<<<<
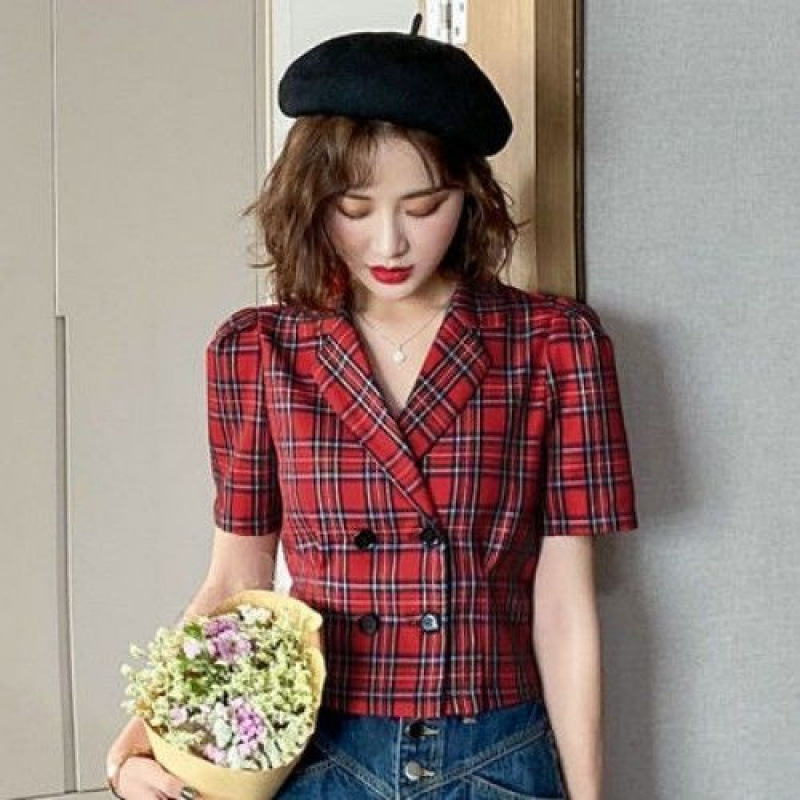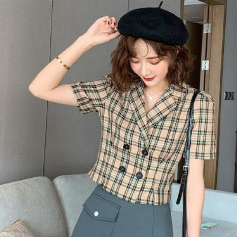 2025 새로운 여름 복고풍 격자 무늬 탑 여성의 새로운 여름 짧은 칼라 허리 다목적 쉬폰 셔츠스토어 가기
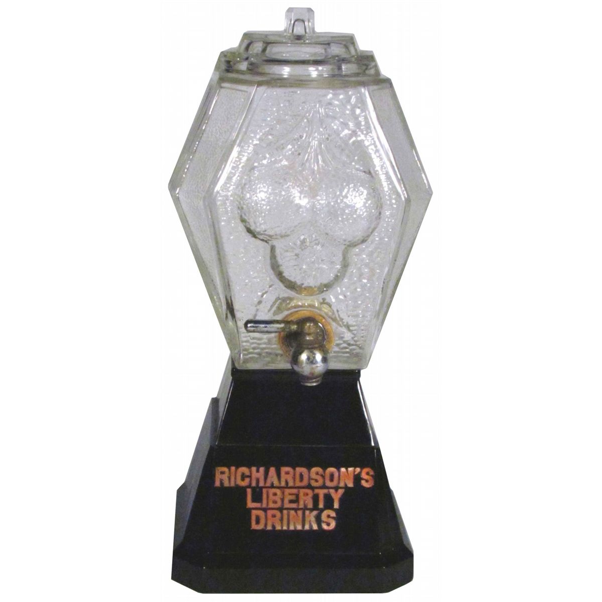 Richardson's Liberty Drinks Syrup Dispenser. Crack at top of reservoir, not clear thru and tiny chip inside lid. 14 inches tall.
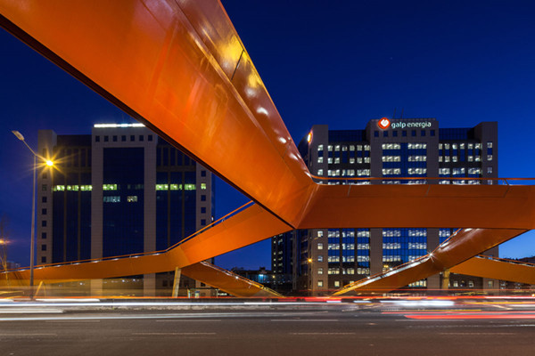 葡萄牙里斯本橙色鋼制騎行橋景觀設計
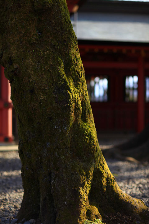 神社の境内の中に古木があった。苔むし、もう何十年、いやもしかしたら何百年も前から、神社を見守り続けて来た神木かもしれない。苔は夕陽に淡く映えていた。
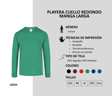 Playera Cuello Redondo Manga Larga para Caballero 150 gr/m2
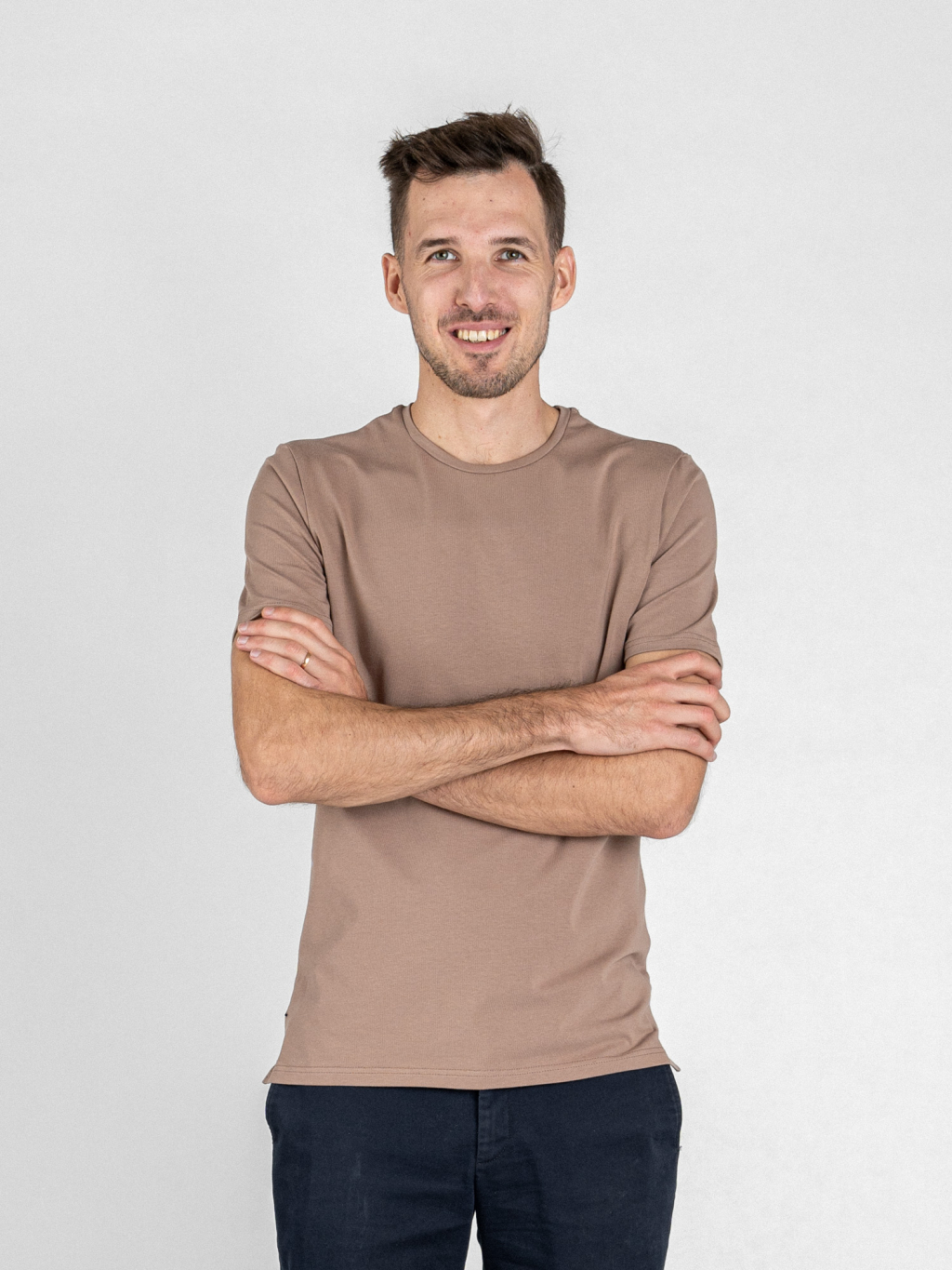 Rád podporuji české podnikatele, proto šijeme výhradně v Česku. Šetrně k lidem i k životnímu prostředí. Trička jsme dlouhé měsíce ve spolupráci s českými švadlenami ladili k dokonalosti od typu výstřihu přes prodloužení až po nenápadné logo. Oblečení jsme dlouho testovali a všechno, co na e-shopu najdete, mám sám ve skříni.
>>>>
▸ **Your task**:
Leave out every picture and transcribe the remaining entries exactly.

▸ **Output of the task**:
 2025 새로운 여름 복고풍 격자 무늬 탑 여성의 새로운 여름 짧은 칼라 허리 다목적 쉬폰 셔츠스토어 가기
 Richardson's Liberty Drinks Syrup Dispenser. Crack at top of reservoir, not clear thru and tiny chip inside lid. 14 inches tall.
 葡萄牙里斯本橙色鋼制騎行橋景觀設計
 神社の境内の中に古木があった。苔むし、もう何十年、いやもしかしたら何百年も前から、神社を見守り続けて来た神木かもしれない。苔は夕陽に淡く映えていた。
 Playera Cuello Redondo Manga Larga para Caballero 150 gr/m2
 Rád podporuji české podnikatele, proto šijeme výhradně v Česku. Šetrně k lidem i k životnímu prostředí. Trička jsme dlouhé měsíce ve spolupráci s českými švadlenami ladili k dokonalosti od typu výstřihu přes prodloužení až po nenápadné logo. Oblečení jsme dlouho testovali a všechno, co na e-shopu najdete, mám sám ve skříni.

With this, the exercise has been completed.